I recommend the following text books on this subject [2] [3] [4] [5].

Data generation and vanilla OLS

Let’s come up with a toy dataset to play with:

 1
 2
 3
 4
 5
 6
 7
 8
 9
10
11
12
13
# Generate linearly related data and add a noise term
N = 100
b0, b1 = 3.0, 0.2
xx = np.linspace(0, 10, N)
xx += np.random.normal(0, 0.5, N)
yy_uncensored = b0 + b1 * xx + np.random.normal(0, 0.2, N)

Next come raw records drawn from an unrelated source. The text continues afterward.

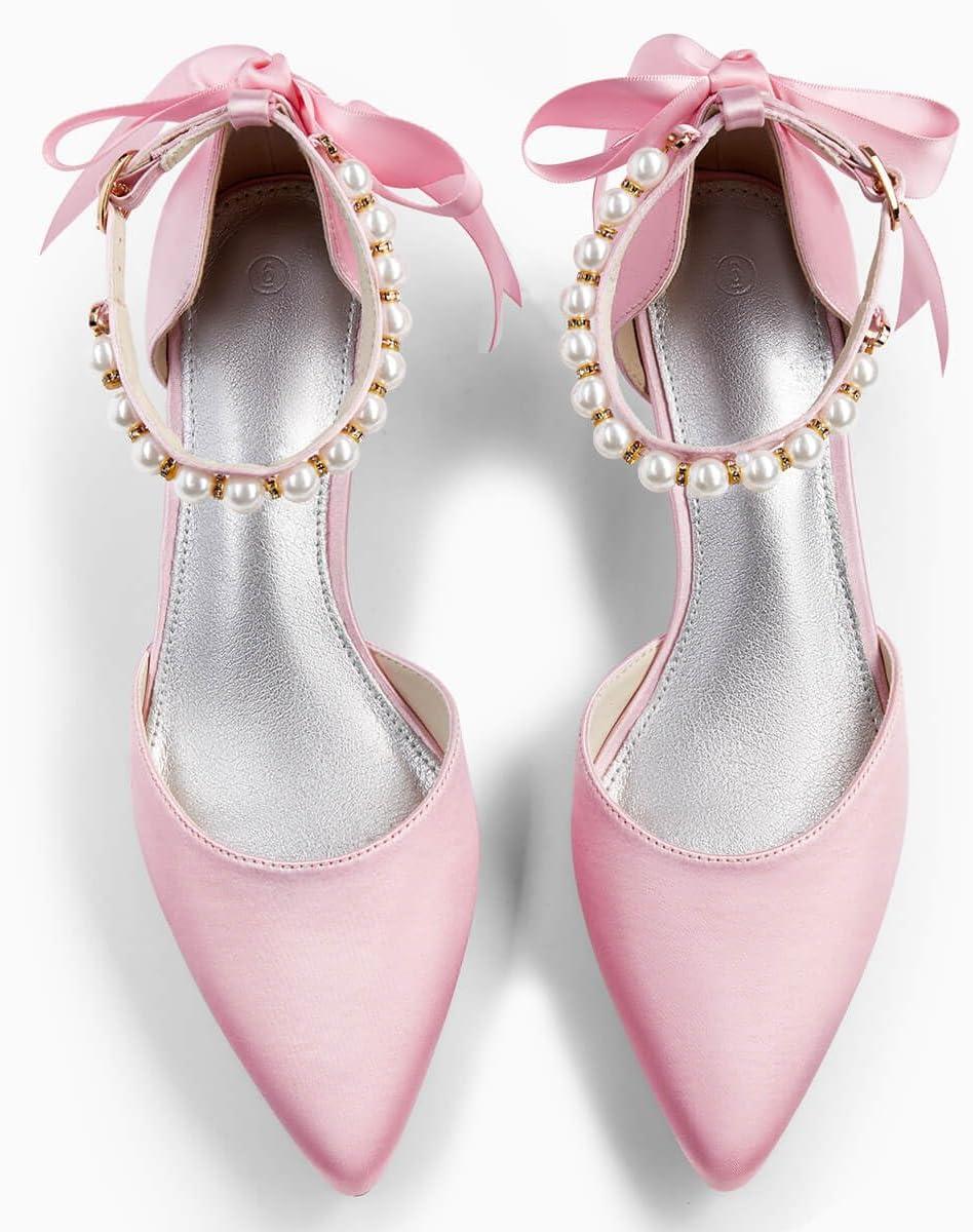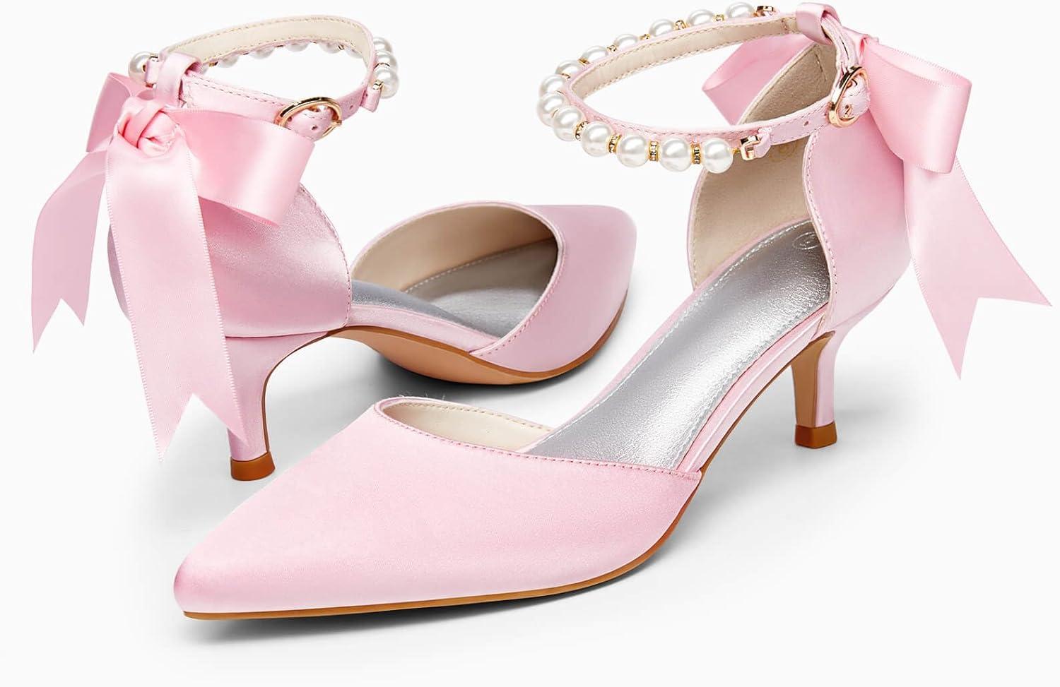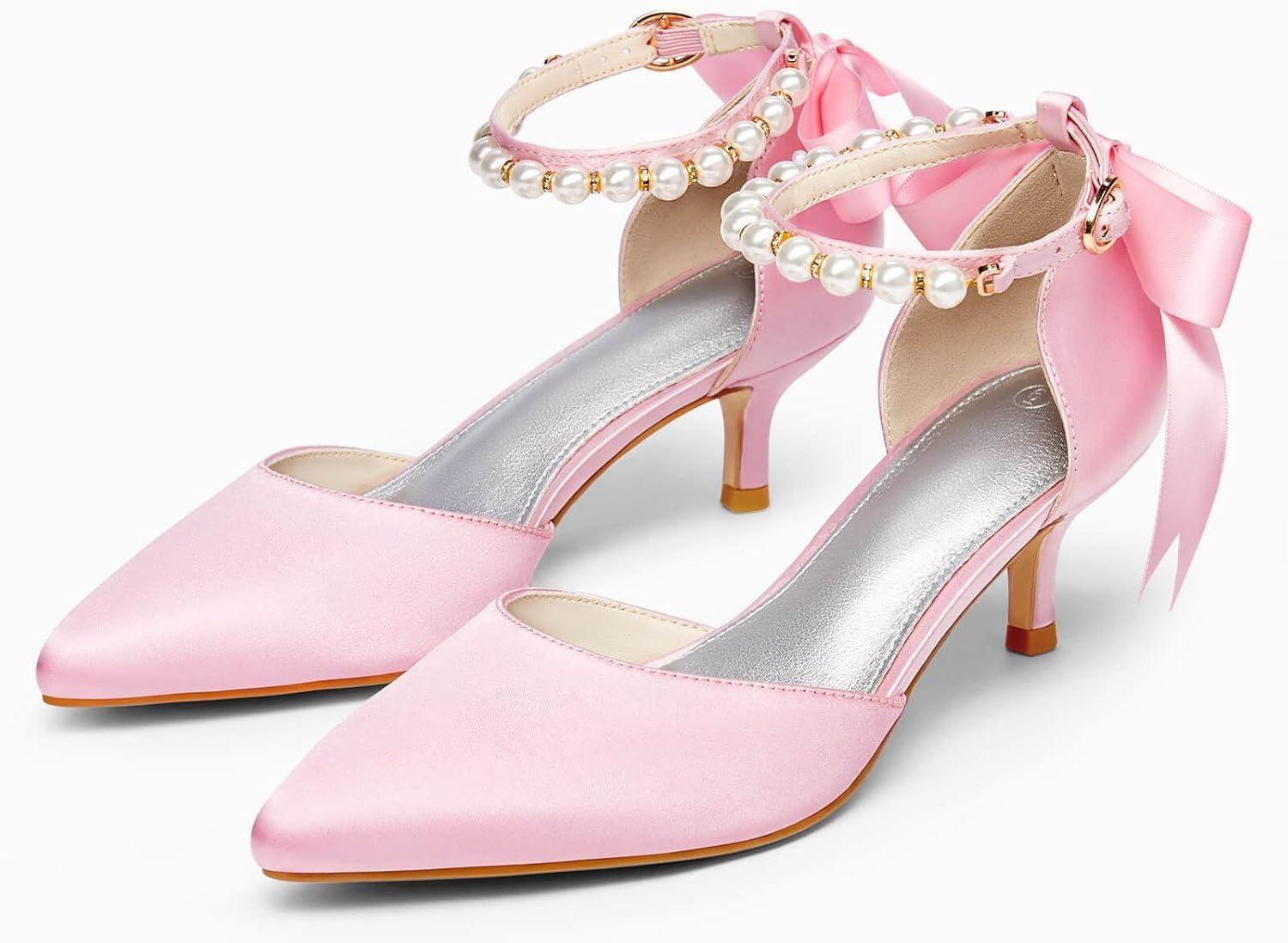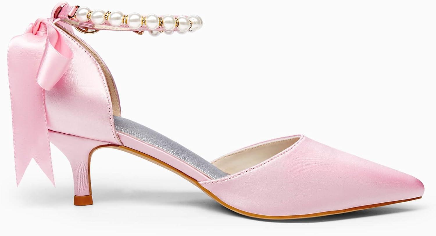 Coutgo Womens Pearl Ankle Strap Pumps Low Kitten Heel D’Orsay Satin Back Tieknot Heels Pointed Toe Wedding Party Dress Shoes(Pink)
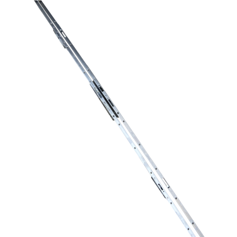 A rebated french door set. 45mm Backset on both doors, 92mm Centres with 16mm wide faceplates. 2 Hooks, latch & Deadbolt on Master Lock faces Slave Lock which has the slots for both locks to engage together. 150mm single action shootbolt extensions are attached to the top and bottom the locks are then cropped to size. There are extension pieces which can be added to increase the height. The dead bolt is operated from the lever handle reducing the force required to lock the door.
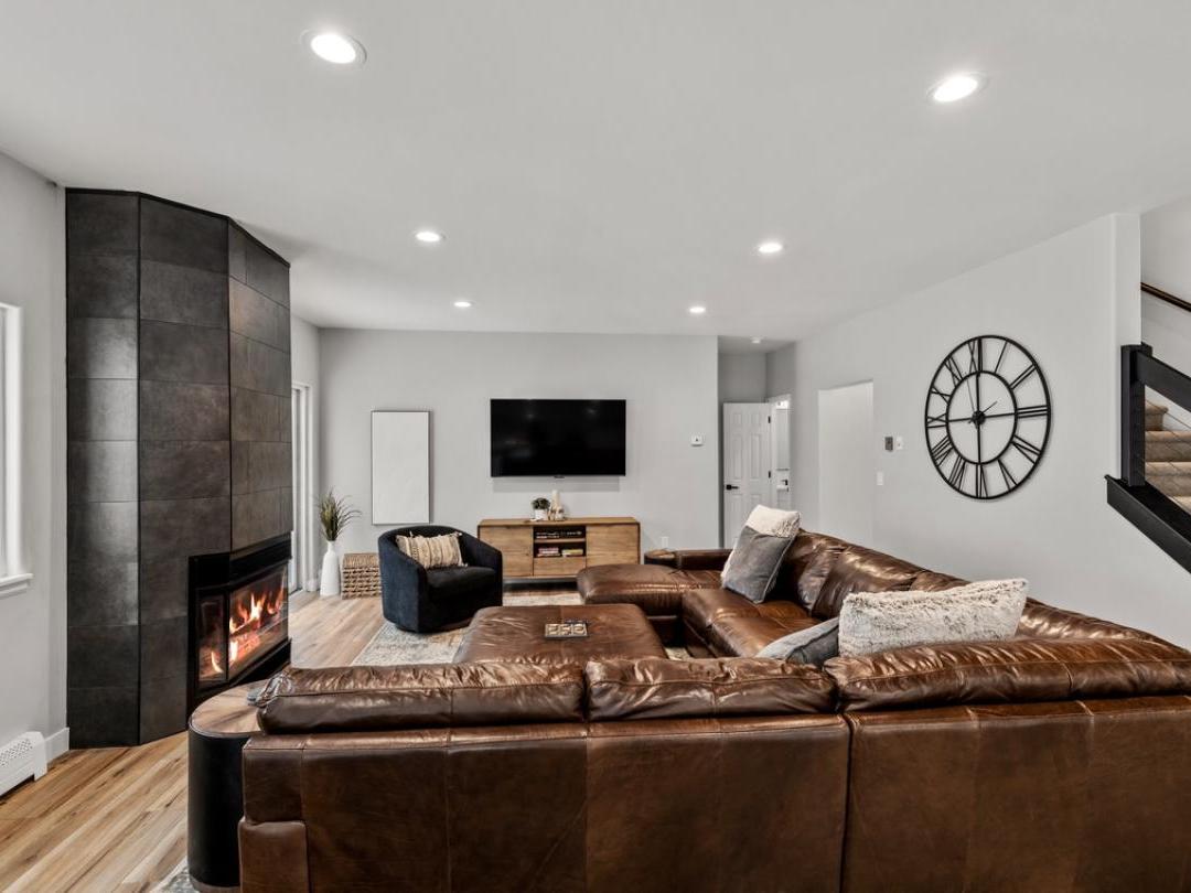 Featuring a unique layout, the living room of this 6 bedroom, 4.5 bathroom duplex vacation home offers a large leather sofa arranged in front of a gas fireplace and wall-mounted television. Set a half level below yet open to the living room, the fully equipped kitchen is appointed with stainless steel appliances, polished-stone countertops, breakfast bar seating for 4 guests and a dining area seating 8 guests. Glass doors in the dining area lead out to the back patio boasting a private hot tub and a barbecue grill.
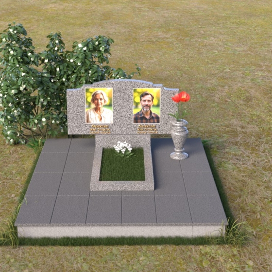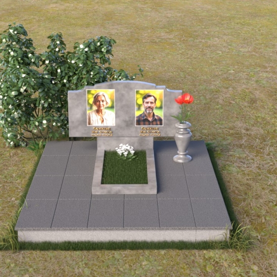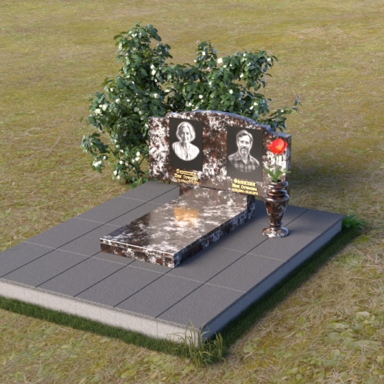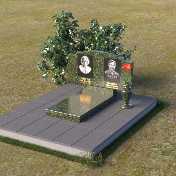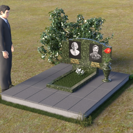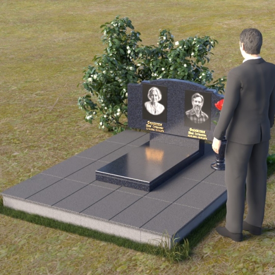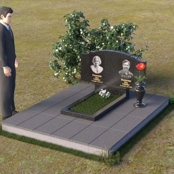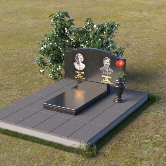 Этот гранитный монумент представляет собой композицию, где каждая деталь продумана до мелочей. Верхняя часть памятника имеет фигурную форму с плавными, волнообразными очертаниями, словно застывшая мелодия скорби. Верхний край обработан таким образом, что создает впечатление легкой, воздушной драпировки. Боковые грани аккуратно скруглены, смягчая строгость камня и придавая ему более изящный вид. Фаски, снятые по периметру, подчеркивают контур и добавляют выразительности. Лицевая поверхность отполирована до зеркального блеска, отражая свет и создавая ощущение глубины. На полированной поверхности выгравированы портреты усопших и памятные надписи, выполненные с особой тщательностью и вниманием к деталям. Под основной плитой располагается горизонтальная плита, также выполненная из черного гранита, создающая дополнительный уровень и подчеркивающая монументальность композиции. На ней размещена еще одна полированная плита, но уже меньшего размера, как символ нерушимости и продолжения рода.
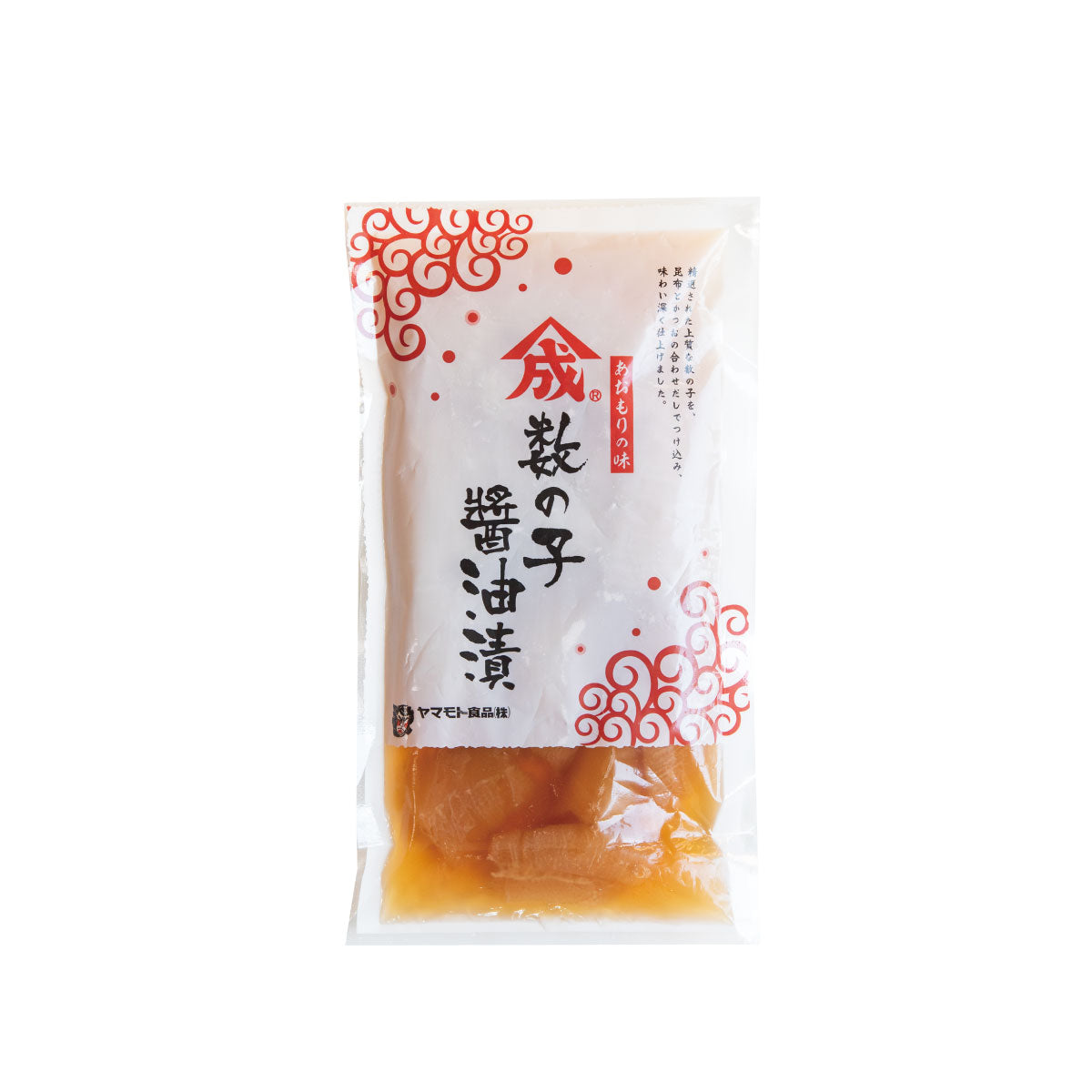 数の子(オランダ)、しょうゆ、還元水飴、こんぶエキス、カニエキス、かつお節調味エキス、みりん、食塩/ソルビット、調味料(アミノ酸等)、酒精、酸味料、リン酸塩(Na)、(一部に小麦・かに・大豆・ゼラチンを含む)
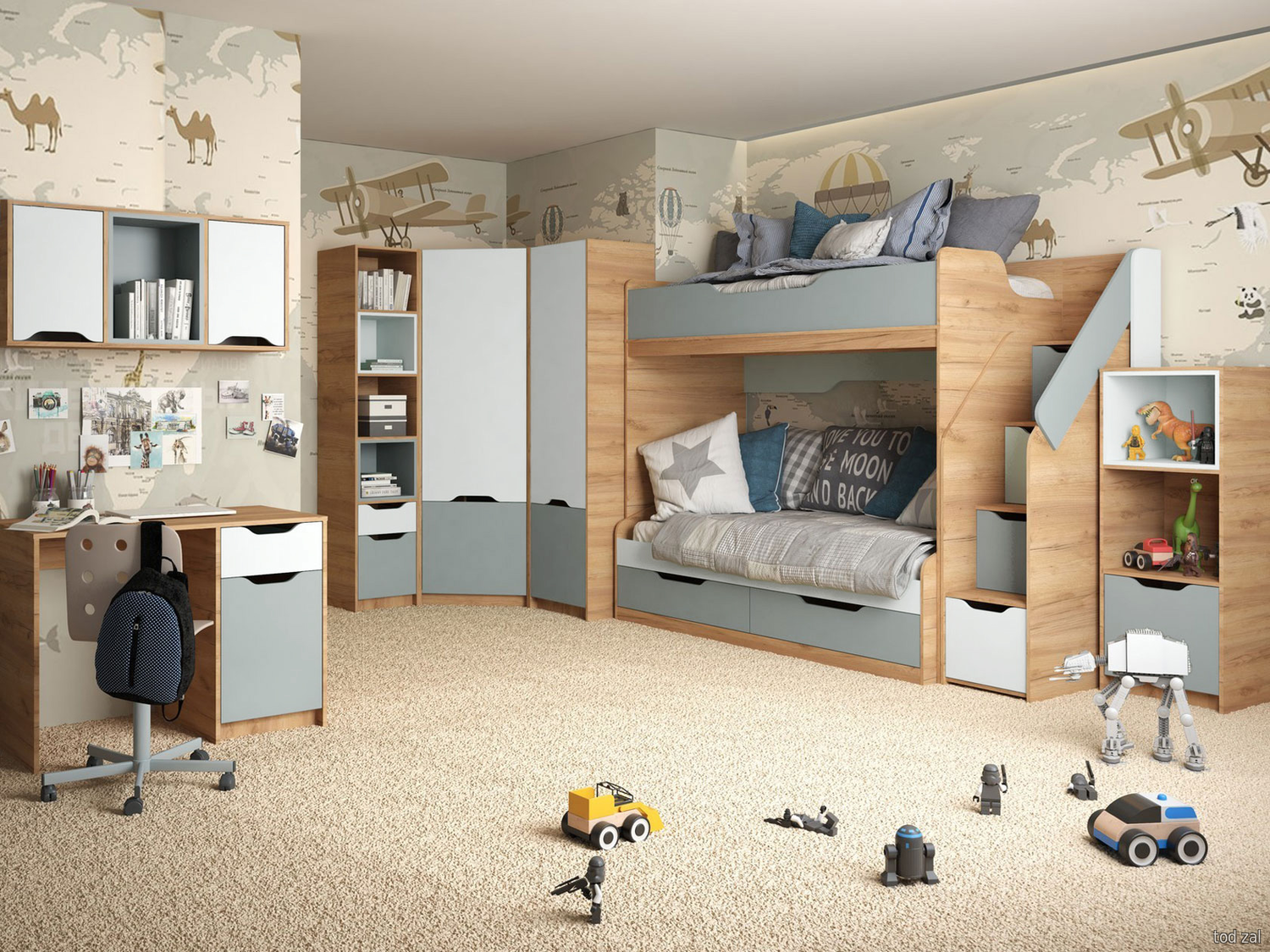 Комплект детской мебели МК СТИЛЬ Лео Дуб Крафт золотой / Сумеречный голубой / Пастельный зеленый Дуб Крафт золотой / Сумеречный голубой / Пастельный зеленый

# Define an arbitrary cut-off above which points will be truncated
truncation_line = 0.15 + b0 + (b1 - 0.05) * xx

# Censor the data:
censored = yy_uncensored > truncation_line
yy = np.where(censored, truncation_line, yy_uncensored)

Example GMM Data

As you can see a subset of the data has been censored above some arbitrary slice through the x-y plane. A significant amount has been removed, nearly 70%. There are two naive things we can try straight away:

Bad idea 1: We can just ignore the data, remove the censored points and perform an ordinary least squares (OLS) regression,
Bad idea 2: We could take the censored $y$ values as the true $y$ values.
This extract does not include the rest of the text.